We can see that the network with 20 hidden neurons takes more time to reach the minimum, which is due to its higher complexity. The network with 5 hidden neurons gets stuck in a local minimum, and will not give good results.
Anyway, for a dataset as simple as Iris, even the small network with 5 hidden neurons should be able to learn a good model. In our case it was just a random event that the model got stuck in a local minimum, and it would not happen very often if we run the code again and again.
Model evaluation
Finally, let’s evaluate our models. We use the learned weights W_1
and W_2
and forward propagate the examples of the test set. The accuracy metric is defined as the percentage of correctly predicted examples.
# Evaluate models on the test set
X = tf.placeholder(shape=(30, 4), dtype=tf.float64, name='X')
y = tf.placeholder(shape=(30, 3), dtype=tf.float64, name='y')
for hidden_nodes in num_hidden_nodes:
# Forward propagation
W1 = tf.Variable(weights1[hidden_nodes])
W2 = tf.Variable(weights2[hidden_nodes])
A1 = tf.sigmoid(tf.matmul(X, W1))
y_est = tf.sigmoid(tf.matmul(A1, W2))
# Calculate the predicted outputs
init = tf.global_variables_initializer()
with tf.Session() as sess:
sess.run(init)
y_est_np = sess.run(y_est, feed_dict={X: Xtest, y: ytest})
# Calculate the prediction accuracy
correct = [estimate.argmax(axis=0) == target.argmax(axis=0)

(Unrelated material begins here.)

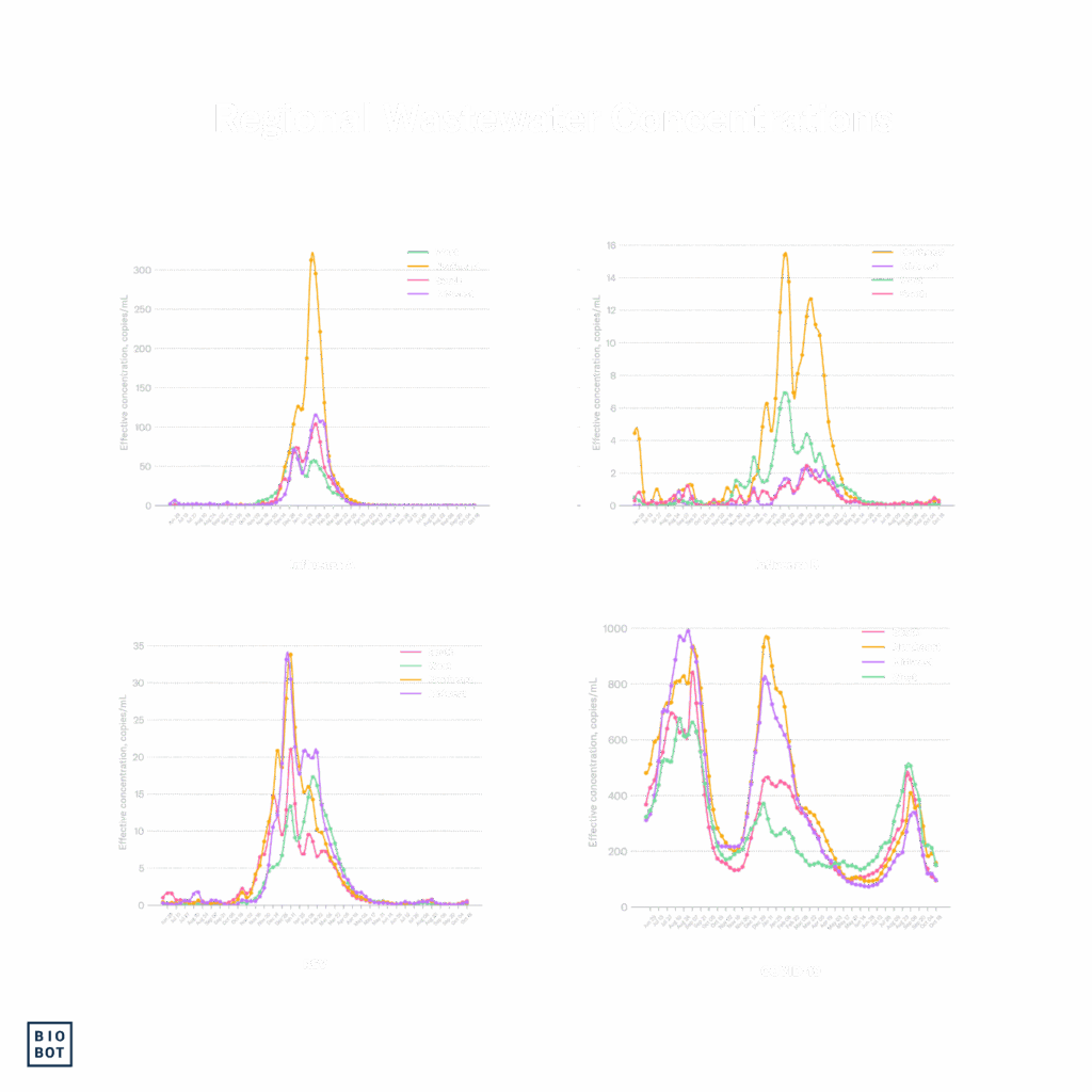 We continue to monitor the evolving H5N1 influenza virus situation, and can now test samples specifically for H5 (including H5N1) — see our blog here and please reach out to hello@biobot.io if interested. A quick reminder that Biobot’s influenza A assay described in this report includes the H5N1 influenza subtype, which is an influenza A virus, but does not distinguish between the different subtypes of influenza A (e.g. H5N1 vs H1N1). We will share any important updates as we have them via Bluesky and in the risk reports.

for estimate, target in zip(y_est_np, ytest.as_matrix())]
accuracy = 100 * sum(correct) / len(correct)
print('Network architecture 4-%d-3, accuracy: %.2f%%' % (hidden_nodes, accuracy))
Network architecture 4-5-3, accuracy: 90.00%
Network architecture 4-10-3, accuracy: 96.67%
Network architecture 4-20-3, accuracy: 96.67%
Overall, we managed to achieve pretty high accuracy with a simple feed-forward neural net, which is especially surprising using a pretty small dataset.

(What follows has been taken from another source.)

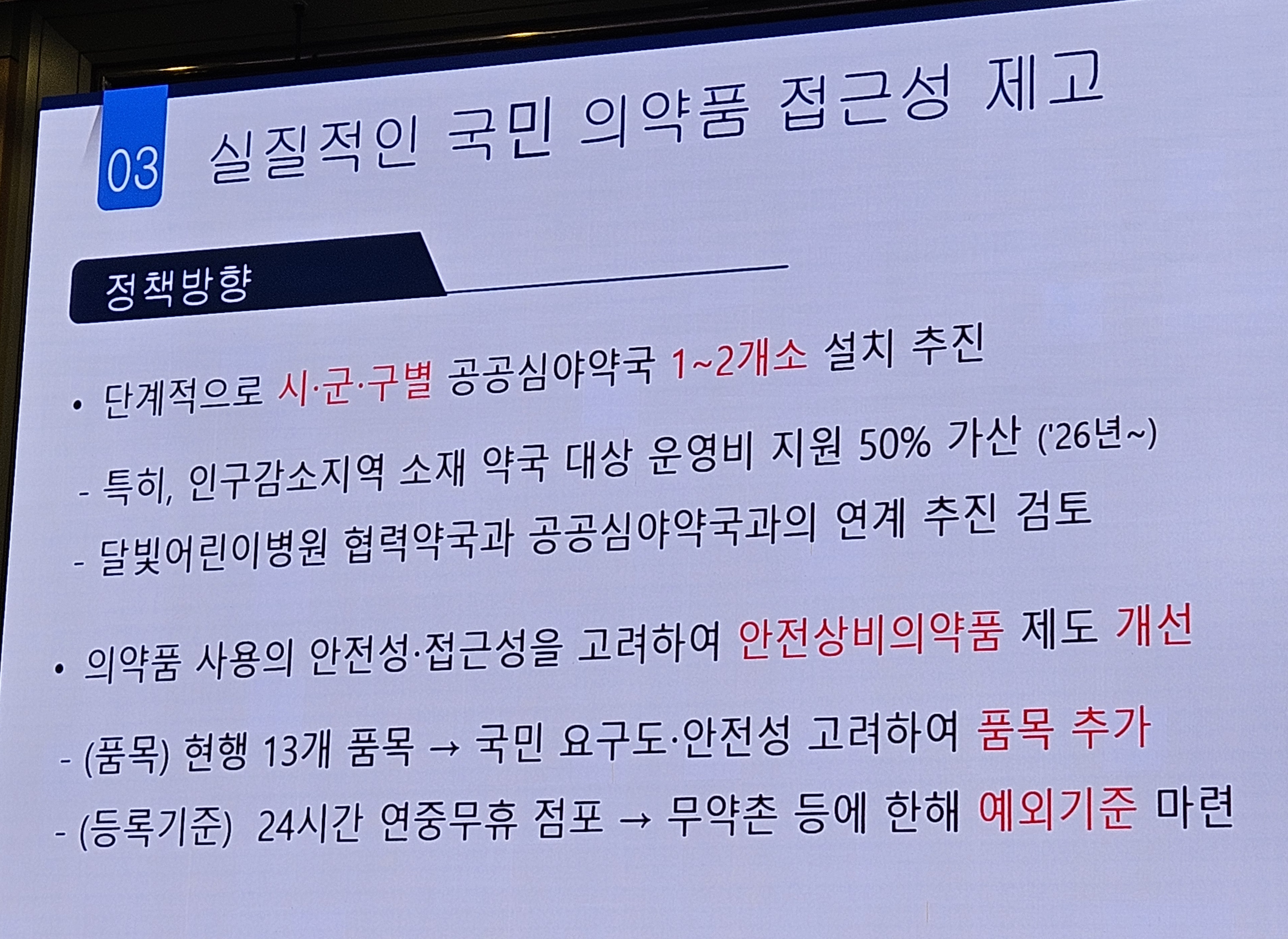 이 같은 한계를 개선하기 위한 방안으로 공공심야약국 확대와 더불어 안전상비약 품목 추가, 판매점 등록 기준 완화 등의 정책 방향이 제시됐다.

You can take a look at an even simpler example using TensorFlow’s high-level API here.
Resources
This tutorial only covered a small fraction of what TensorFlow can do. Here are a few great resources to learn more about TensorFlow and deep learning in general:
Conclusions
In this post we introduced the TensorFlow library for machine learning, provided brief guides for installation, introduced the basic components of TensorFlow’s low-level Core API: Tensors, Graphs and Sessions, and finally built a neural network model for classification of real data of the Iris dataset.

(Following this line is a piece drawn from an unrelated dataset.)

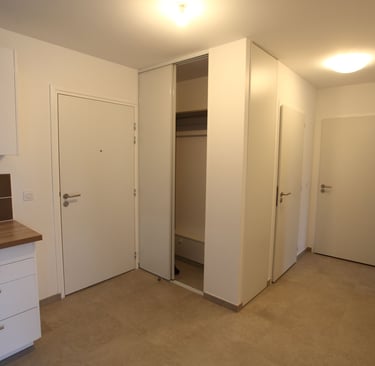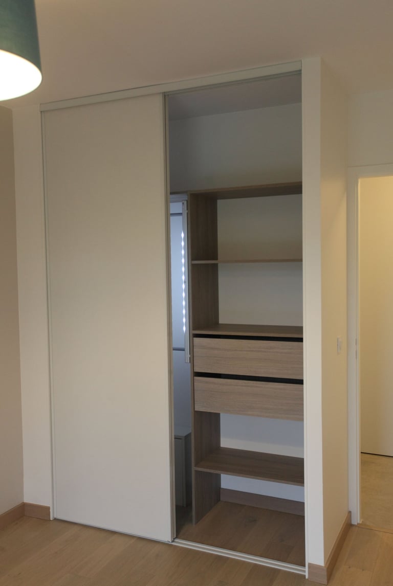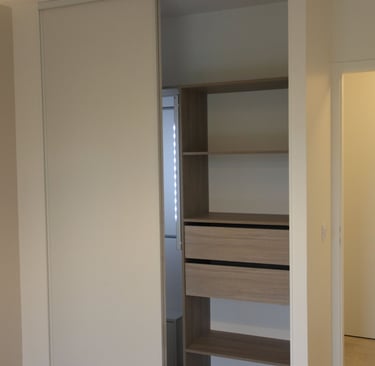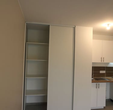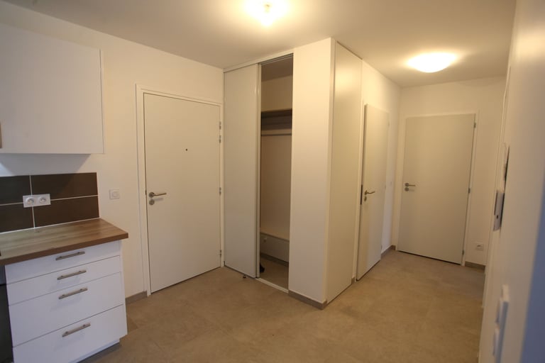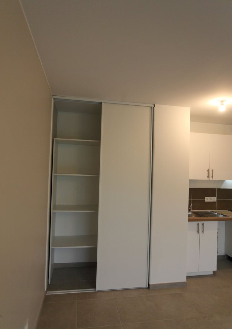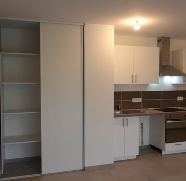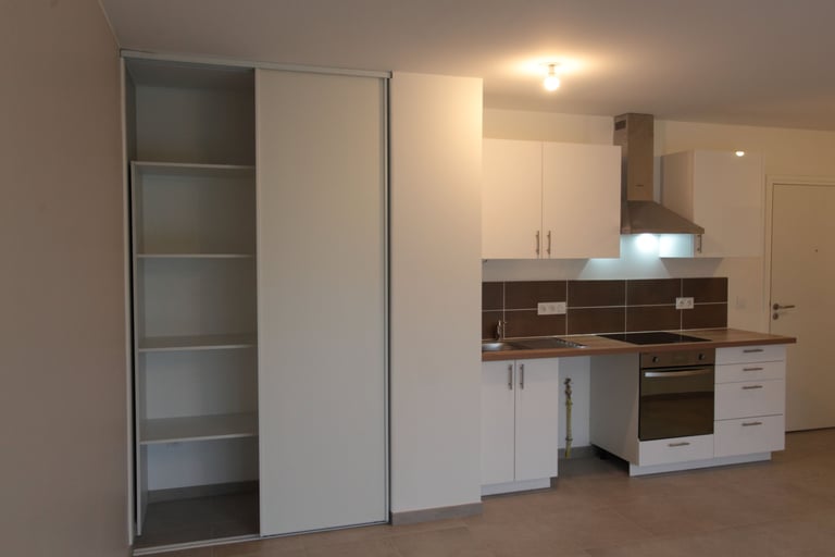 Une cuisine équipée: Rangements, plaque à induction, four, hotte, réfrigérateur.

In general, it could take some time to understand the TensorFlow’s coding philosophy, as it’s a symbolic library, but once you get familiar with the Core components, it’s a pretty convenient for building machine learning apps. In this post we used the low-level Core API in order to present the basic components and have a complete control of the model, but usually it’s much simpler to use a higher-level API, such as tf.estimator
, or even an external library, such as Keras.